BRUSSELS — Ahead of a pivotal gathering of NATO defense ministers that he will chair this week, alliance Secretary-General Mark Rutte has sought to ease allied anxiety over the Trump administration’s decision to scale back the U.S. military contribution to collective defense contingency plans for Europe.
On June 3, the Pentagon notified NATO partners that the United States would no longer commit a suite of high-value military assets — including an aircraft carrier and its accompanying support vessels, aerial refueling tankers, and dozens of fighter jets — to European defense in the event of a crisis triggered under Article 5 of NATO’s founding charter. In response to this shift, NATO’s American supreme allied commander has begun developing alternative contingency plans to rebalance alliance defense posturing across the continent.
Rutte was quick to frame the adjustment as a procedural update to planning, not a drawdown of existing U.S. military presence on the continent. “This is not about where forces and assets are currently located,” Rutte told reporters Wednesday, clarifying that the change only revises commitments for when collective defense plans are activated. “It’s about who would do what if our defense plans were activated. So, let’s say in case of an Article 5 situation.”
Article 5, the cornerstone of NATO’s collective security guarantee, binds the alliance’s 32 member states to treat an armed attack on one ally as an attack on all. While the provision does not legally mandate any member to deploy military force, a broad majority of allies would typically contribute to a collective response. The U.S. currently maintains the largest military force and most expansive defense capabilities across the alliance, and the Trump administration has confirmed it has no plans to withdraw U.S. nuclear weapons deployed in Europe — a core component of NATO’s nuclear deterrence strategy. The shift in commitments comes as the U.S. reorients its global military focus to counter growing strategic competition from China in the Indo-Pacific region.
NATO’s core operational framework for coordinating collective defense, the NATO Force Model, outlines which assets from member states will be made available to alliance commanders across the first six months of a conflict, spanning peace, crisis, and full war.

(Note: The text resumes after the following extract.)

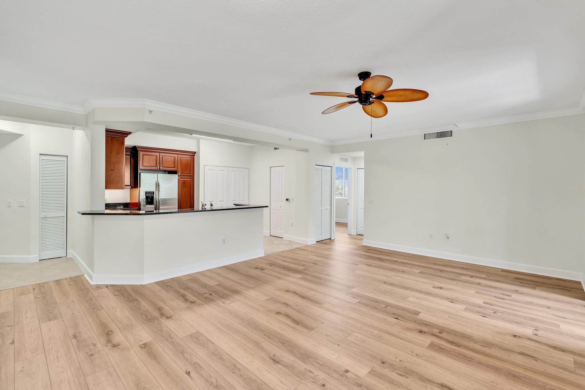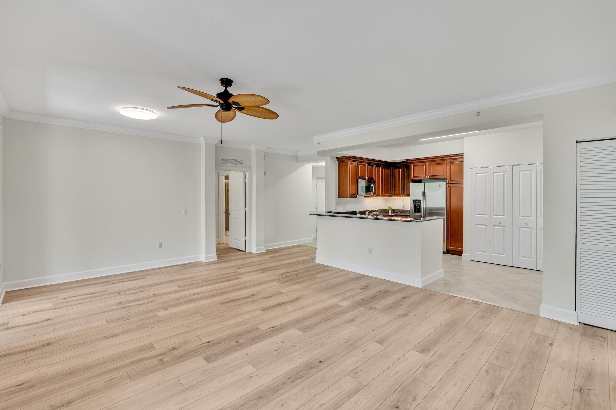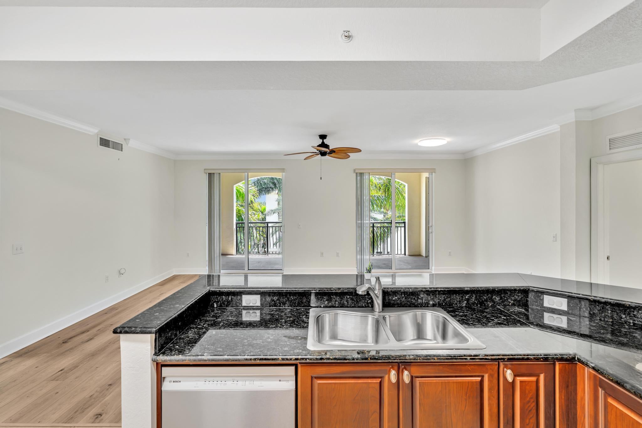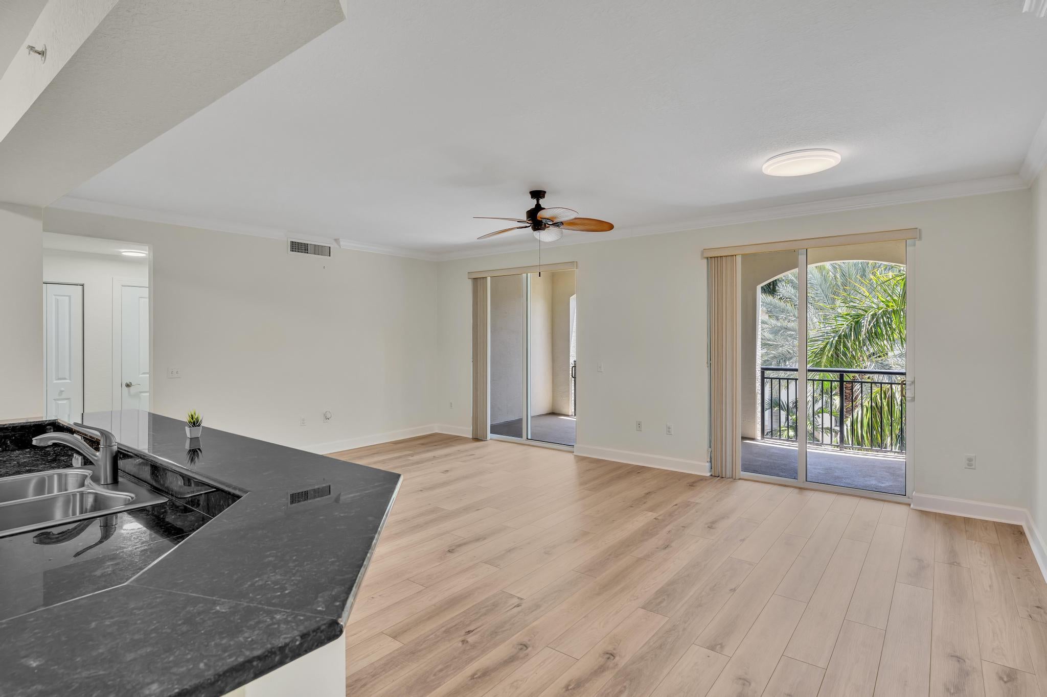 Hurry--rarely available corner penthouse!Spacious 3-bedroom, 2-bath unit with an oversized balcony and beautiful views. Thoughtful split layout features a master suite with dual sinks, separate tub & shower, and two additional bedrooms on the opposite side for privacy. The open-concept living and dining area flows into a modern kitchen--perfect for entertaining and gourmet cooking. Recent upgrades include new AC, dishwasher, new fridge, new washer & dryer. Hurricane impact windows throughout! This gated community offers resort-style amenities: clubhouse, pool, fitness center, club room, and more. Unit comes with two parking spaces, plus cable, water and internet included in the monthly fee.Unbeatable location--walk to restaurants, movie theaters, and shopping at the nearby mall.

According to Rutte, alliance commander U.S. General Alex Grynkewich has assessed that existing and upcoming capabilities from other NATO member states are largely sufficient to fill the gaps created by the U.S. drawdown in planning commitments. “The overall picture is looking good,” Rutte said.
Even so, some European allies have expressed surprise at the range of assets being withdrawn from U.S. commitments, as many of these capabilities are already in short supply across European armed forces. The Trump administration has set a deadline for allies to outline their plans to replace the missing assets or adjust defense planning to account for the gap in advance of the July 7-8 NATO summit scheduled to be held in Ankara, Turkey. Ahead of the summit, European and Canadian allies are expecting to receive more detailed clarification of U.S. plans from U.S. Defense Secretary Pete Hegseth at this week’s Brussels meeting, after Hegseth skipped the alliance’s previous defense minister gathering in February.

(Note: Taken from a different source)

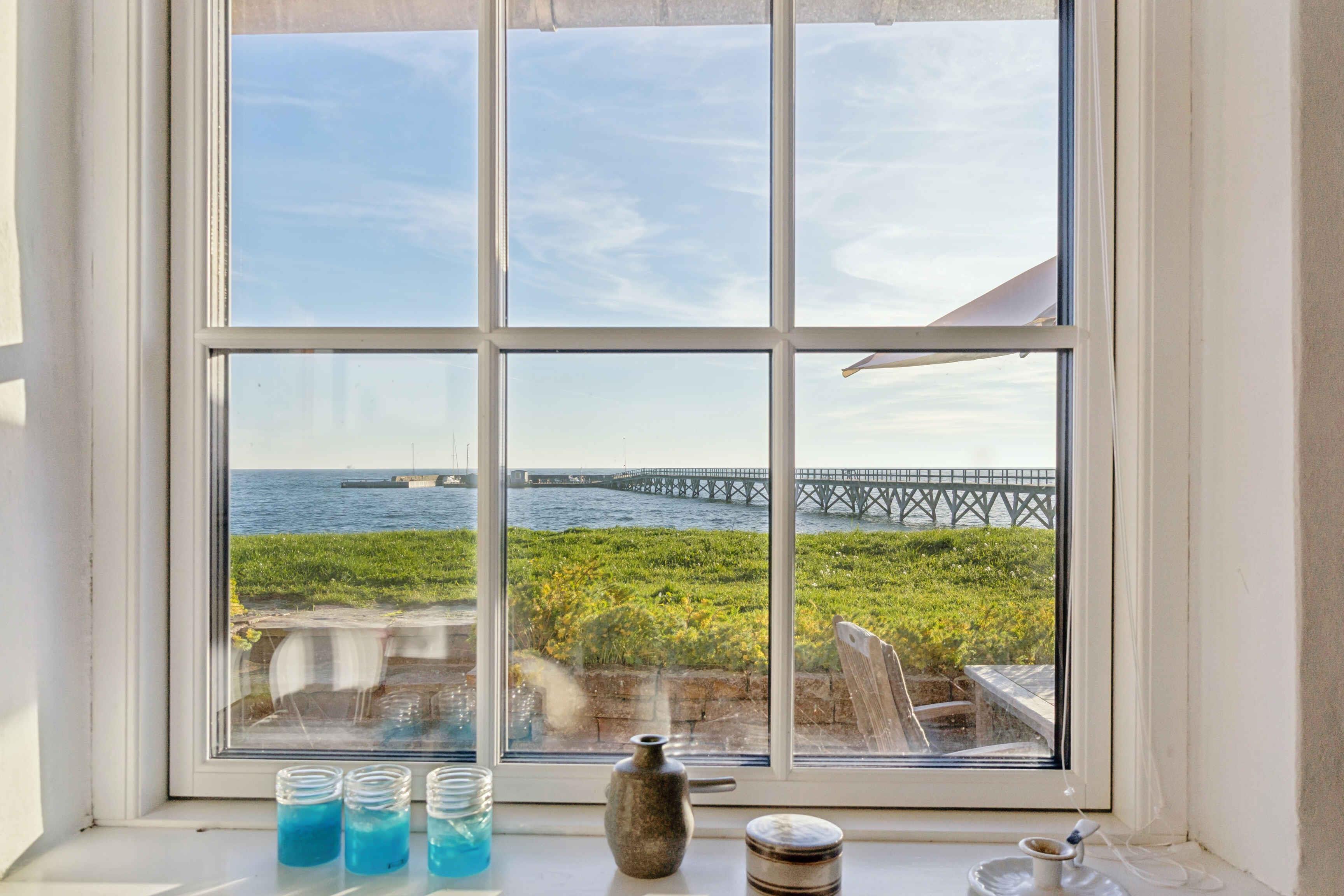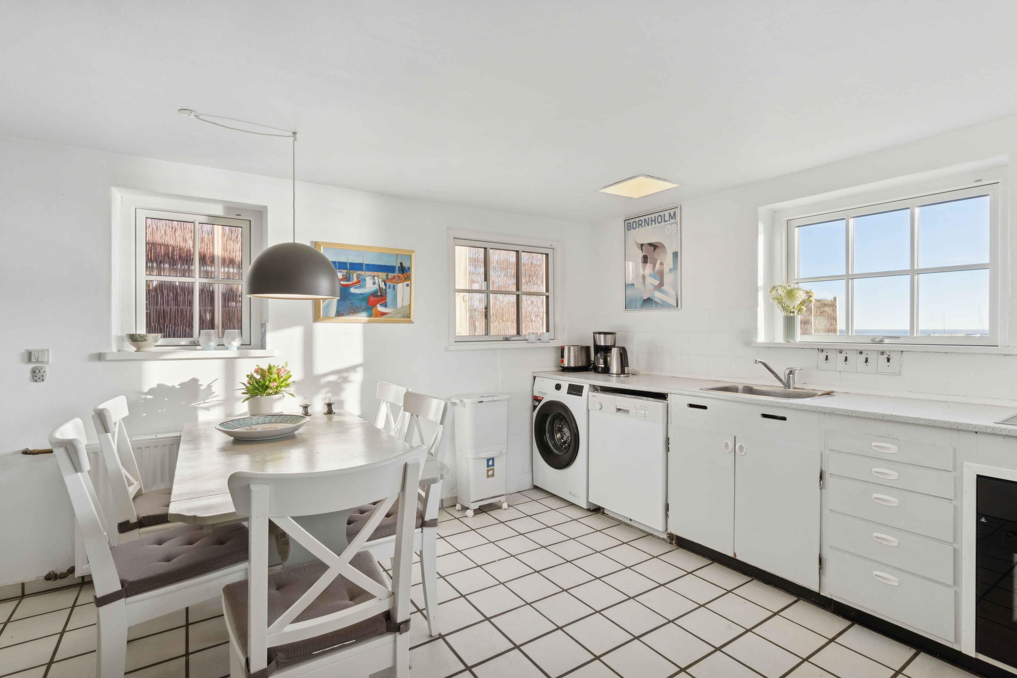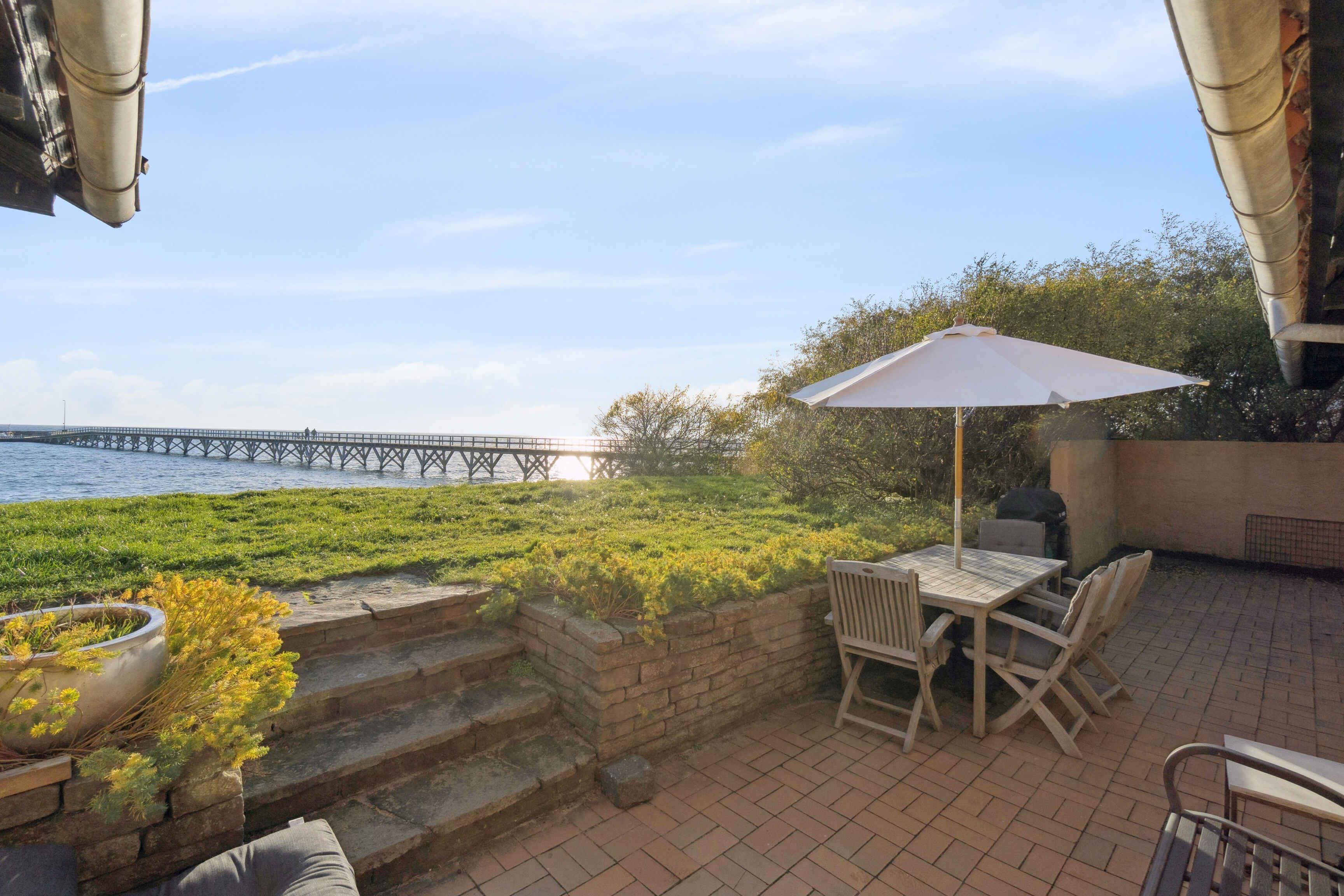 Das Brohuset ist ein großzügiges Ferienhaus mit 120 m², drei Schlafzimmern und fünf Schlafplätzen. Die direkte Lage am Meer schafft eine ruhige Atmosphäre, in der das Rauschen der Wellen zum natürlichen Teil des Aufenthalts wird. Hier verbinden sich Aussicht, Einfachheit und entspanntes Küstenleben. Die funktionale Einrichtung lädt nach einem Tag am Wasser zur Erholung ein. Große Fenster bringen Licht in die Räume und bieten Meerblick. Das Haus eignet sich für Familien und kleine Gruppen, die eine ruhige Basis suchen. Die Terrasse ermöglicht es, von morgens bis abends draußen zu sein. Hier kann man essen, lesen oder das Leben an der Küste beobachten. Die kurze Entfernung zum Strand erleichtert Baden und Spaziergänge. Die Umgebung bietet besondere Urlaubserlebnisse. Arnager ist ein kleines Fischerdorf mit authentischer Hafenatmosphäre. Die lange Holzbrücke führt zur kleinen Hafeninsel und eignet sich gut für einen ruhigen Spaziergang. Der Strand am Brückenfuß ist familienfreundlich und ideal zum Baden. Die Küste lädt zu Wanderungen und Radtouren durch die typische Landschaft Süd-Bornholms ein. In der Nähe liegen Arnager Gamle Røgeri, lokale Wege und eine lebendige maritime Umgebung. Das Brohuset ist ideal für alle, die einen Urlaub nahe dem Meer, der Natur und einem Ort mit lokalem Charakter suchen. Hier findet man den passenden Rahmen für Ruhe, Gemeinsamkeit und Erlebnisse.

The recent policy shift has already sown confusion among allies. Last month, Trump announced plans to deploy an additional 5,000 U.S. troops to Poland, a move that bewildered alliance partners even as his administration continues to reiterate its goal of reducing, not expanding, the overall U.S. military footprint in Europe.
Separate from the changes to collective defense planning, additional U.S. troop drawdowns are already underway in the Balkans. Last Friday, NATO military headquarters announced it would downsize the alliance’s Kosovo Security Force (KFOR), with U.S. troops expected to make up a significant portion of the departing personnel. Currently, 590 U.S. troops are deployed with KFOR, making the U.S. the second-largest contributing nation to the mission behind Italy, which deploys 907 personnel. The U.S. also maintains a contingent of Black Hawk helicopters at its large Camp Bondsteel base in Kosovo.
KFOR first deployed to the region in 1999 to maintain peace between Kosovo and Serbia after the end of the Kosovo War. At its peak, the mission counted more than 50,000 personnel across all contributing nations, and force levels have been gradually reduced for decades as regional tensions eased. In 2023, however, NATO deployed an additional 1,000 troops to the region after a new wave of violent unrest erupted. On Wednesday, Rutte confirmed the latest drawdown will see more than 1,000 total personnel depart KFOR, consistent with Grynkewich’s assessment that security conditions in Kosovo are now stable enough to “optimize” the mission’s size.